Penis enlargement can be achieved with a minimally invasive injection of Dermal Fillers. Injections can increase the girth of the penis while also increasing the length of the flaccid penis. Using hyaluronic acid fillers for injection is preferred Penis enlargement can be achieved with a minimally invasive injection of dermal fillers. Injections can increase the girth of the penis while also increasing the length of the flaccid penis. Using fillers for injection is preferred.
Rimless Industry Co., Ltd. (RIMLESS) is devoted to the global brand operating and integrating, sale and after-sale services of biomedical materials, high-end medical devices, regenerative aesthetic products,cosmetics and beauty tools.
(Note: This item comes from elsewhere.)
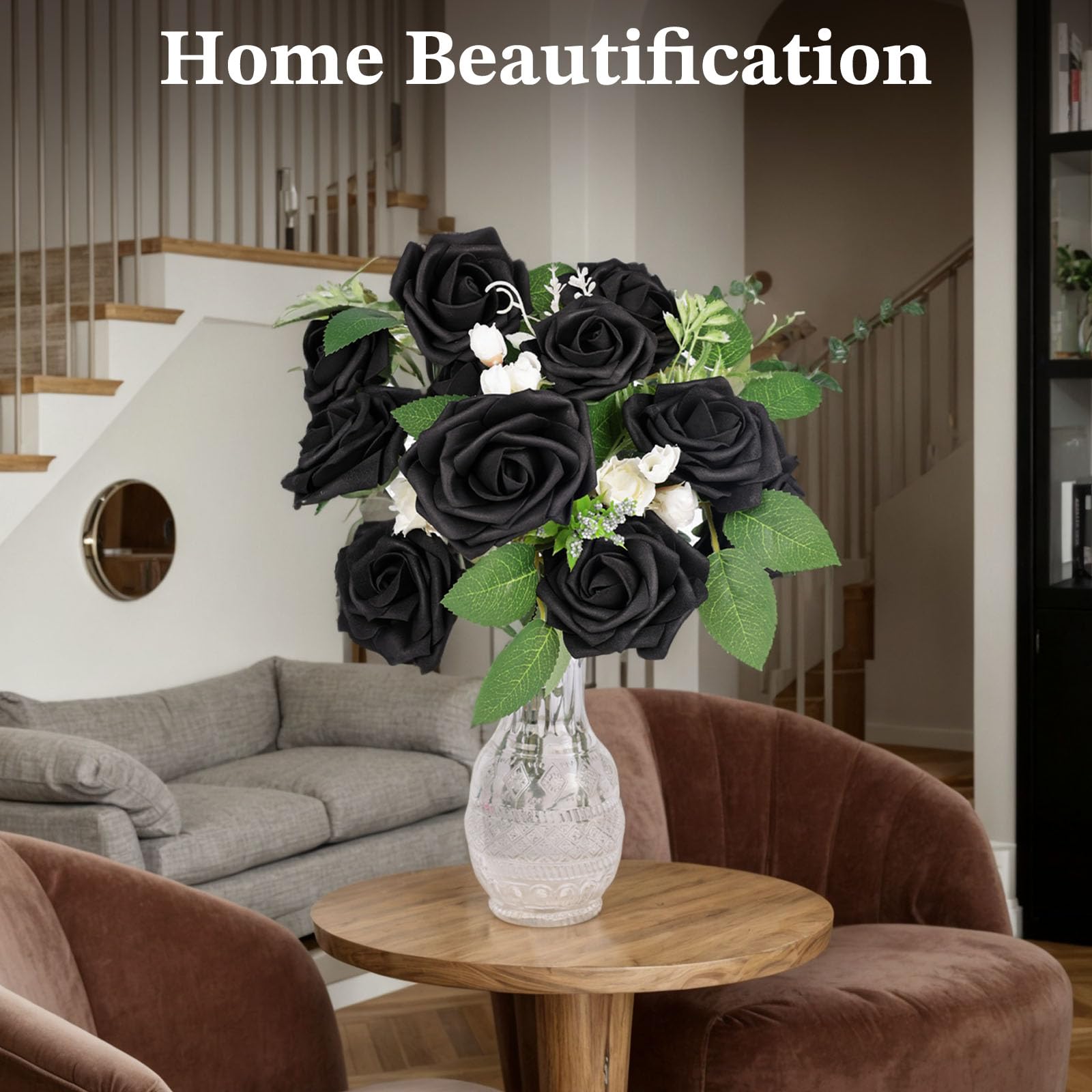• UNIQUE DESIGN - Unlike normal roses, our fake roses are in black. Rose represents love, peace, friendships, courage and unselfishness. Our black roses are suitable for Halloween and daily home decoration. Also perfect for DIY. Adjustable stem allows easy bending and cutting.

Fillers For Penis Enlargement,Dermal Filler Penis Enlargement,Penile Injectable Fillers,Penile Enlargement Dermal Fillers Rimless Industry Co.,Ltd. , https://www.rebornplla.com
RIMLESS is the exclusive distributor, exporter and global brand licensor of REBORN. We take REBORN and RIMLESS as the core brands, biomedical materials and their applications in the medical field as the main business, and the high-end medical devices as the research and development direction.
We have exported over 50 countries and areas in the world and won a very good reputation and long-term partnership with our customers.